The results of this study showed that in order to restore abnormal ATT to normal levels, the hamstring activation should increase to 1.35 of MIF, while the quadriceps activation would increase to 1.23 of MIF. In addition, the peak contact force at the tibiofemoral joint would augment 115%, while the peak force at the patellofemoral joint would increase 48% in relation to the healthy knee.

On the other hand, a compensation of 50% of abnormal ATT requires a force generated by the hamstrings of 0.4 of MIF. Interestingly, this activation is smaller than the normal maximum activation of the hamstrings during gait (which occurs during the swing phase and its peak is 0.6 of MIF, see Fig. 66). This compensation causes the quadriceps muscles to generate a peak force of 0.82 of MIF, an increase of 23% in the tibiofemoral contact force and a decrease in the patellofemoral contact force with respect to the healthy knee. These results show that 50% compensation is less demanding and also less damaging strategy for the knee than the total compensation.
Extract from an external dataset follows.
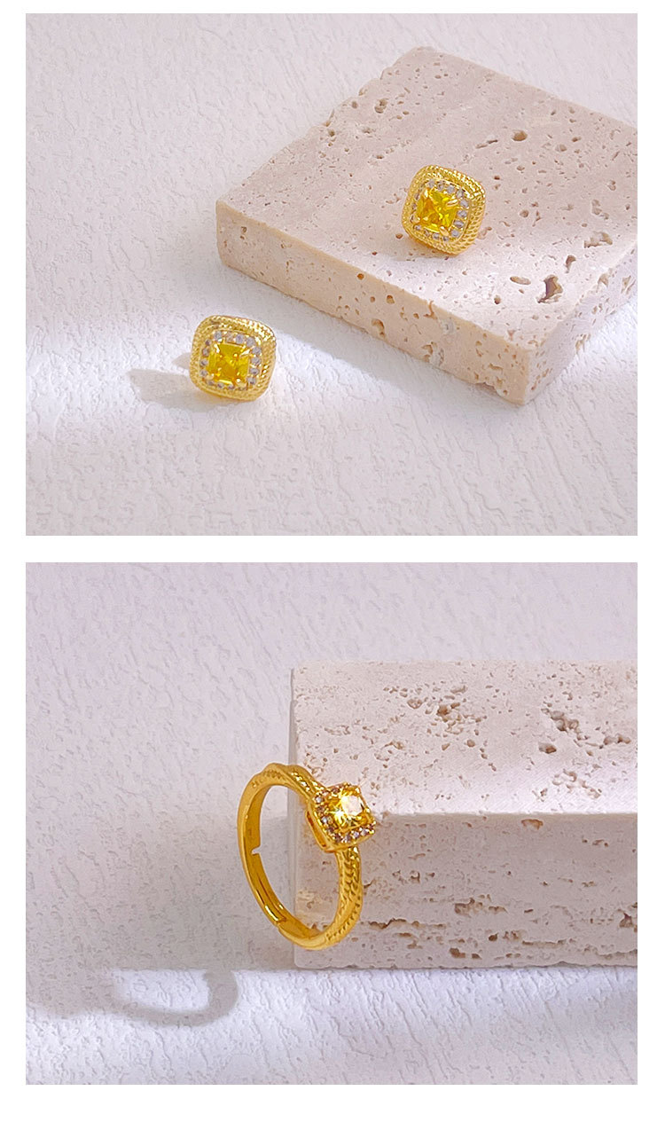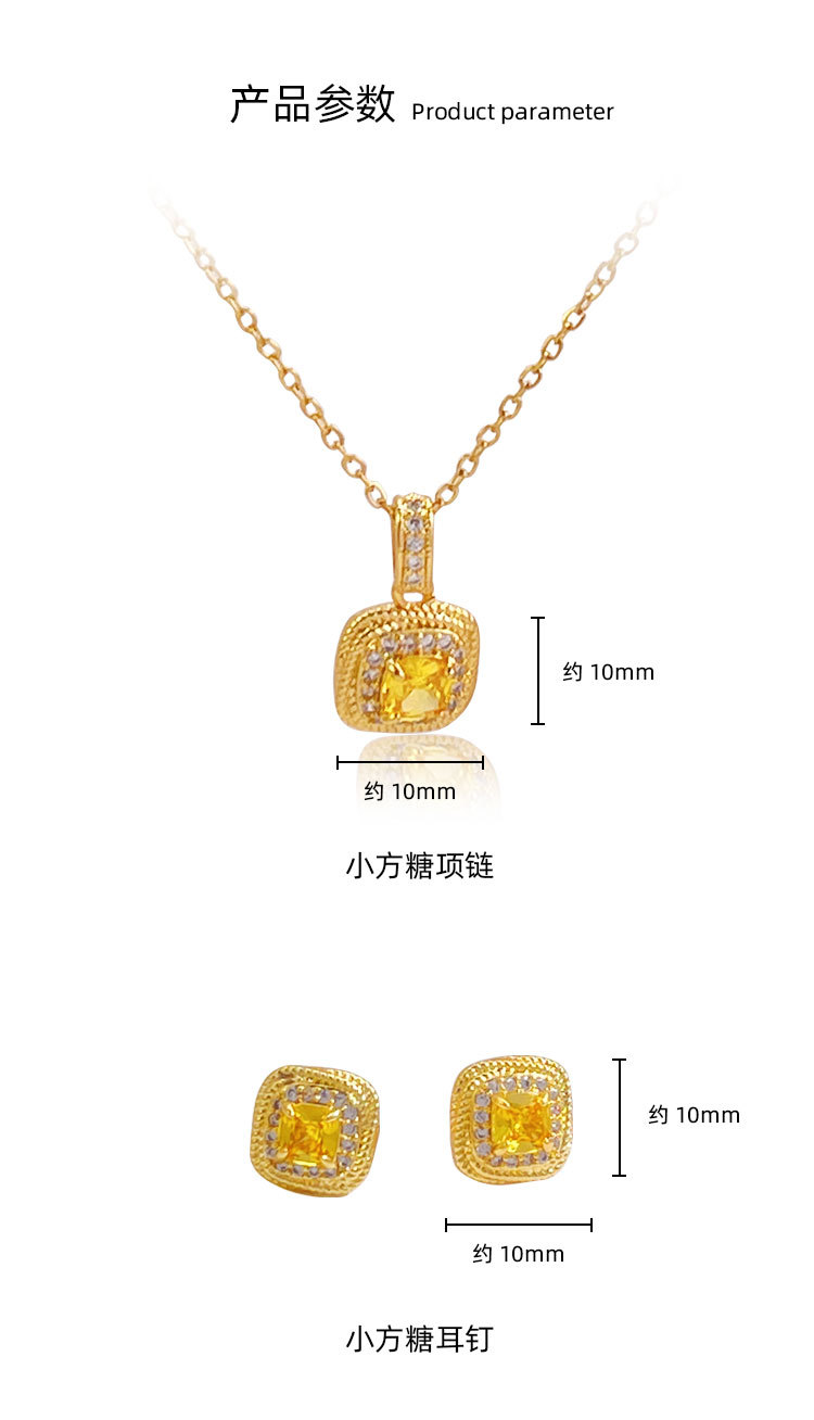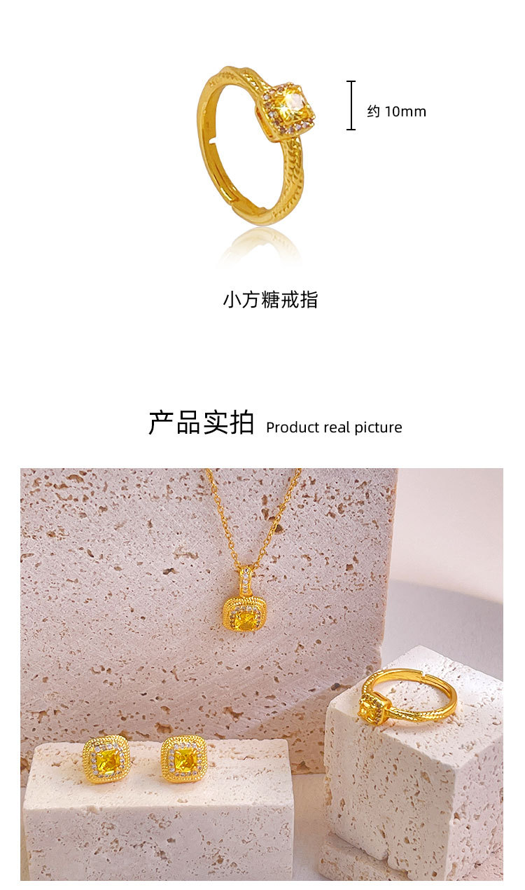 小方糖黄钻戒指项链女抖音爆款镀18k真金锁骨链首饰品久不掉色

The results of this study support results from previous studies [10, 11], indicating that an increase in the activation of hamstring muscles may compensate anterior tibial translation (ATT) in the ACLd knee. However, the present results add information indicating that, from comparing a 100% to a 50% compensation, a complete restoration of ATT to normal values during the whole gait cycle would require muscle training to achieve the forces required for knee stability and would cause an increase in the joint contact forces. A compensation of 50% of abnormal ATT, on the other hand, requires less force generated by the muscles and generates smaller joint contact forces, making it a less demanding and less deleterious strategy.